Input for this task:

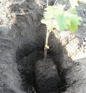 Important! La plantation de jeunes plants de raisin commence après que le sol se réchauffe au-dessus de +12 .. + 15 degrés.
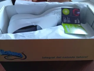Zapatos sanitarios cerrados de color blanco, ideales para entornos profesionales que requieren calzado específico. - Cierre de velcro. - Diseño perforado para mayor transpirabilidad. - Suela antideslizante. Se recogen en Carabanchel o en Navalcarnero. Se pagan x bizum o efectivo SIN ESTRENAR.
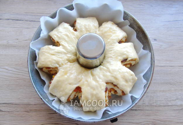 Накройте пищевой пленкой и дайте постоять при комнатной температуре 20-25 минут. Затем смажьте яйцом.
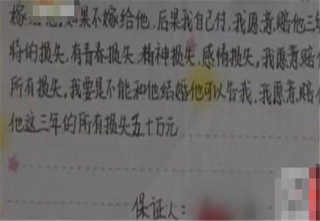 這時靜靜就說了,叔叔阿姨別擔心,我給您寫份保證書,保證我以後絕對會嫁給大山,我這輩子就想和他在一起,就是和他結婚。於是在上大學之前的暑假,靜靜拿出了這樣一份保證書。除了承諾自己一定會嫁給大山之外,還保證自己要是不能和他結婚,大山可以告她,她願意賠償他三年的所有損失五十萬元。最終大山的父母放下了顧慮,他們的生活又平穩地繼續下去了。
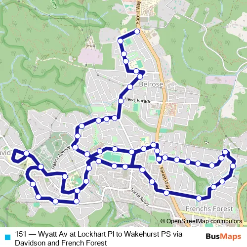 Bus 151 - Wyatt Av at Lockhart Pl to Wakehurst PS via Davidson and French Forest: Full Schedule in Sydney
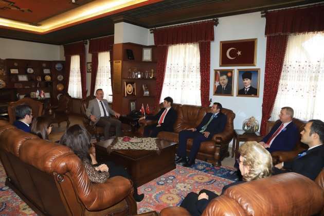Nevşehir İl Defterdarı Orhan Taş beraberindeki bir heyet ile birlikte 30. Vergi Haftası kutlamaları kapsamında Nevşehir Belediye Başkanı Atilla Seçen’i makamında ziyaret etti.
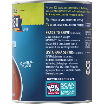 Progresso Vegetable Classics Tomato Basil Soup is a classic tomato soup packed with heartwarming goodness. It’s great for days when you crave an easy mealtime addition or want to warm up from the inside out. Whether it’s part of a delicious lunch or dinner, add Progresso canned soups to your shopping list as a favorite comfort food. This gluten free canned soup contains one-half cup of vegetables per serving, and no artificial flavors or colors from artificial sources. Unlike instant ramen, Progresso Soup is ready to serve, no need to add water. Just heat in a microwave-safe bowl in the microwave or in a saucepan on the stovetop. At Progresso, we’ve been creating soups, including favorites like Chicken Noodle, New England Clam Chowder, and Creamy Mushroom Soup, for more than 100 years. And today, Progresso still uses quality ingredients for a tasteful flavor found only in our line of canned soup products.
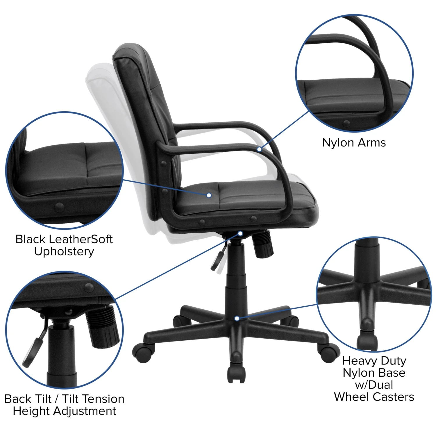 Flash Mid-Back LeatherSoft Swivel Task Office Chair With Arms
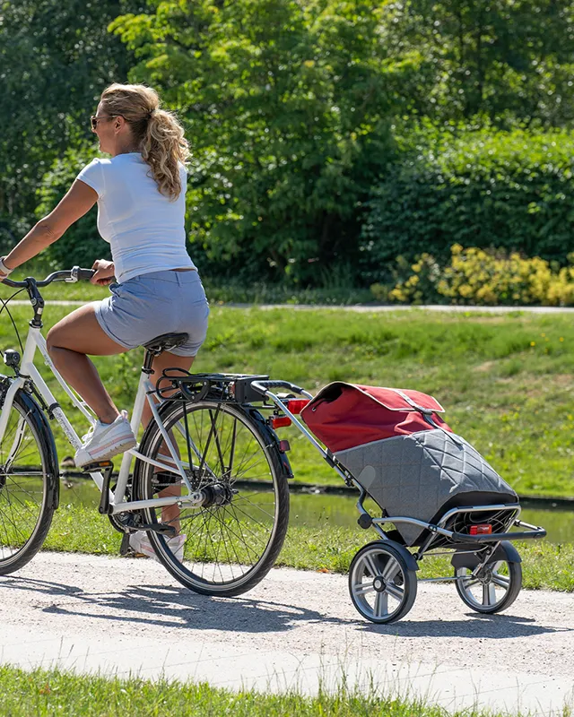 Ein Einkaufstrolley fürs Fahrrad? Ja – und noch viel mehr: Wenn Sie steigende Bordsteinkanten, enge Fahrradwege oder einen vollen Gepäckträger kennen, dann macht unser System den Unterschied. Der Shopper® wird zur cleveren Fahrrad-Anhängerlösung, ohne dass Sie auf Flexibilität verzichten müssen.
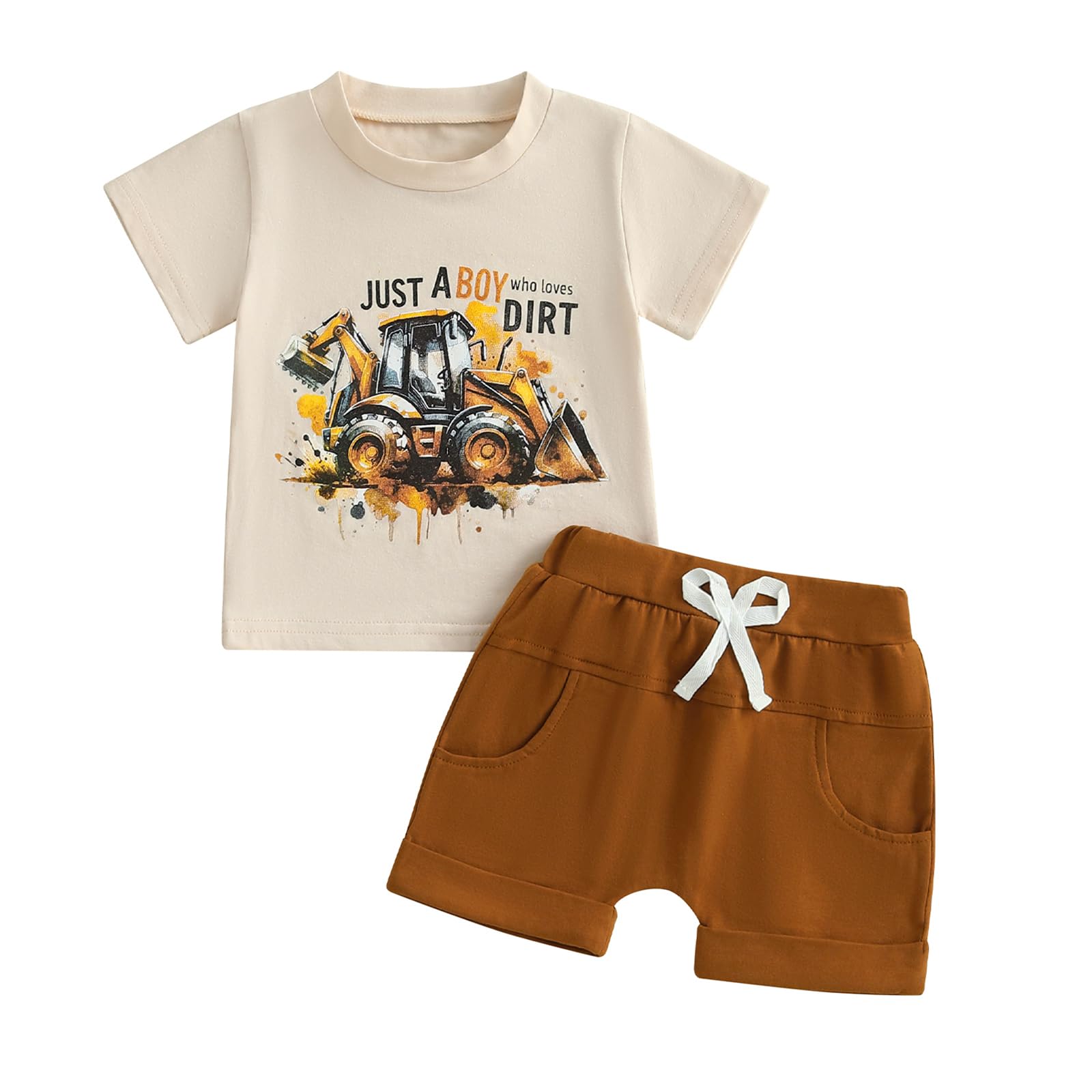 Toddler Baby Boy Clothes Summer Short Sleeve Truck Print T-Shirt Tops Solid Color Shorts Set 2Pcs Casual Outfit|Clothing
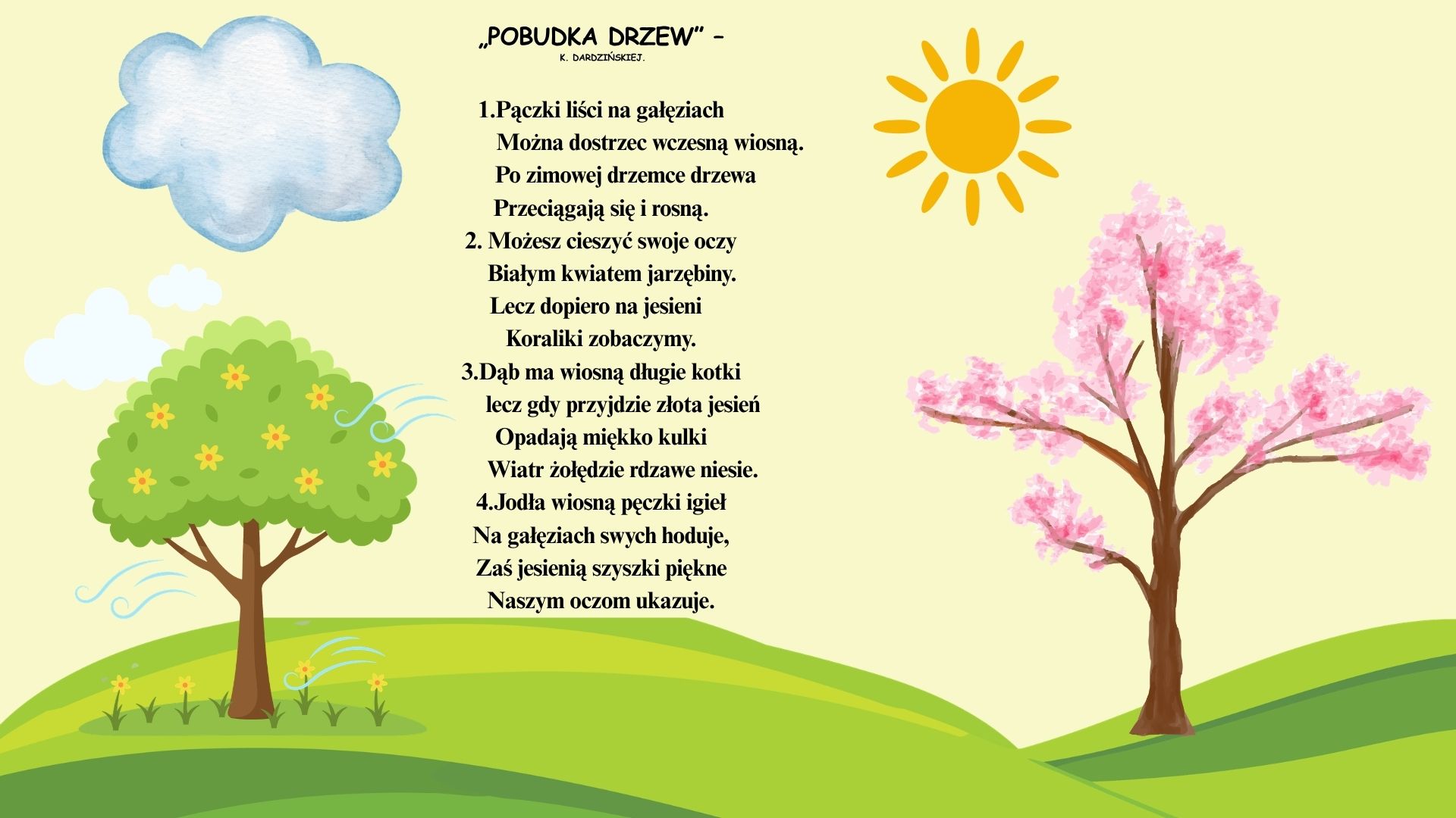 Cele ogólne: Gromadzenie wiedzy o drzewach. Zaznajomienie z wyglądem litery „H, h”. Uświadomienie sobie znaczenia drzew, potrzeby ich ochrony. Zauważanie różnic między igłami i liśćmi. Wzbogacenie słownika biernego: korzenie, pień, gałęzie, konary, liście. Rozwijanie koordynacji ruchowej. Rozwijanie spostrzegawczości słuchowej. Rozwijanie postawy życzliwości w kontaktach z młodszymi kolegami. Rozwijanie zainteresowań czytelniczych.
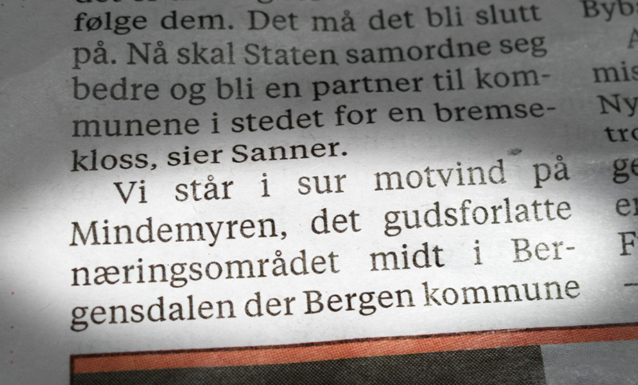 «… Mindemyren, det gudsforlatte næringsområdet midt i Bergensdalen» skriver BT i gårsdagens avis.
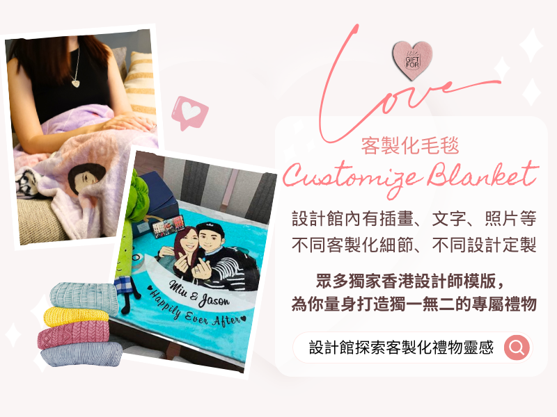 讓HKGIFTFORU為您打造獨一無二的情人節客製禮物,毛毯、抱枕、情侶杯掛布等,有似顏繪插畫/定製名字、照片等選項!價錢只由$250起,探索個性化禮物,打造更有意義更深刻的情人節個人化禮物!
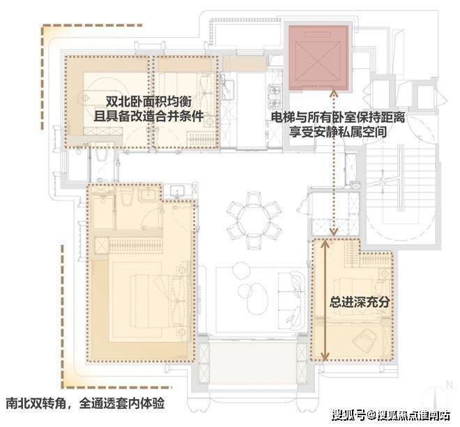 南卧面宽约3米,在设计上远离电梯,可以享受静谧睡眠。
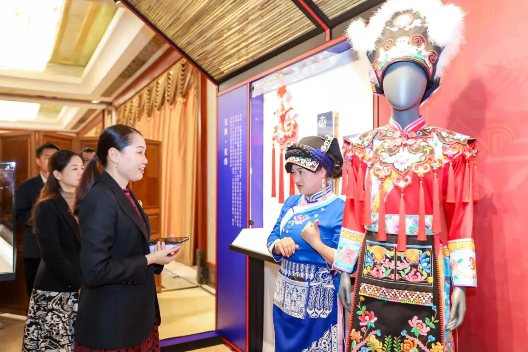 活動中,“織愛·共益空間”展示了苗族蠟染技藝、羌族羌繡等非遺技藝服飾。作為“織愛行動”公益項目的重要部分,活動現場,紡織之光科技教育基金會邀請兩位“天才媽媽”非遺技藝傳承人進行了非遺技藝的制作演示,讓參與者體驗非遺技藝,增加對傳統手工藝更深入的了解和認識,并和參會的廣東服裝企業代表進行了深入交流。
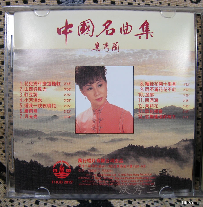 请教奚秀兰唱片的版本问题!!!《奚秀兰 中国名曲集》CD唱片,风行唱片有限公司出品,编号:FHCD 2012
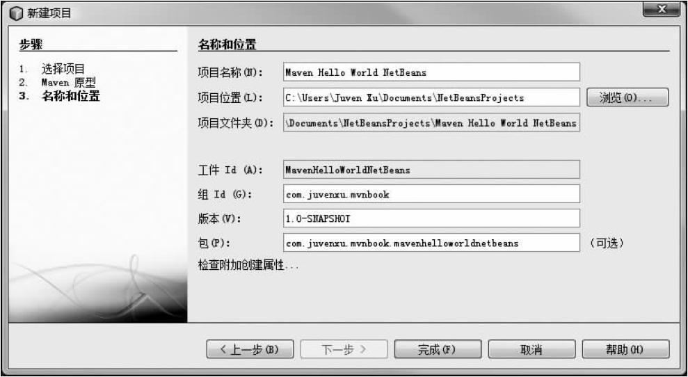 在NetBeans中创建Maven项目同样十分轻松。在菜单栏中选择文件,然后选择新建项目,在弹出的对话框中,选择项目类别为Maven,项目为Maven项目,单击“下一步”按钮之后,对话框会提示我们选择Maven原型(即Maven Archtype)。这里选择Maven快速启动原型(1.0),即前文提到的maven-archetype-quickstart,单击“下一步”按钮之后,输入项目的基本信息。这些信息在之前讨论Archetype及在m2eclipse中创建Maven项目的时候都仔细解释过,这里不再详述,如图3-8所示。
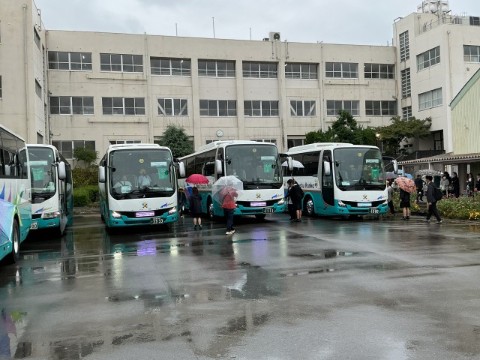 修学旅行に出発です 公開日 2025/10/22 更新日 2025/10/22 6年 今日から6年生が修学旅行に出かけます。あいにくの雨となってしまいましたが、子どもたちは元気いっぱいです。出発式を行った後、バスに乗り込み、奈良に向けて出発しました。 +2 6年生
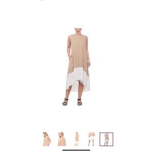 This Nanette Lepore dress in size 14 is a sleeveless sheath style with a cream and white color block design. Made of a blend of Ramie, Linen, and Lyocell, it features a frayed hem and falls to a midi length. Suitable for various occasions such as travel, parties, or casual outings, this dress embodies a mix of hipster, beach, hippie, bohemian, coastal, and classic themes, perfect for the summer, fall, and spring seasons.

To do:
Extract, without any images, the part of the material above that opens with the line containing "Bus 151 - Wyatt" and closes with the line containing "Nevşehir İl Defterdarı", both lines included.

Solution to the exercise:
 Bus 151 - Wyatt Av at Lockhart Pl to Wakehurst PS via Davidson and French Forest: Full Schedule in Sydney
Nevşehir İl Defterdarı Orhan Taş beraberindeki bir heyet ile birlikte 30. Vergi Haftası kutlamaları kapsamında Nevşehir Belediye Başkanı Atilla Seçen’i makamında ziyaret etti.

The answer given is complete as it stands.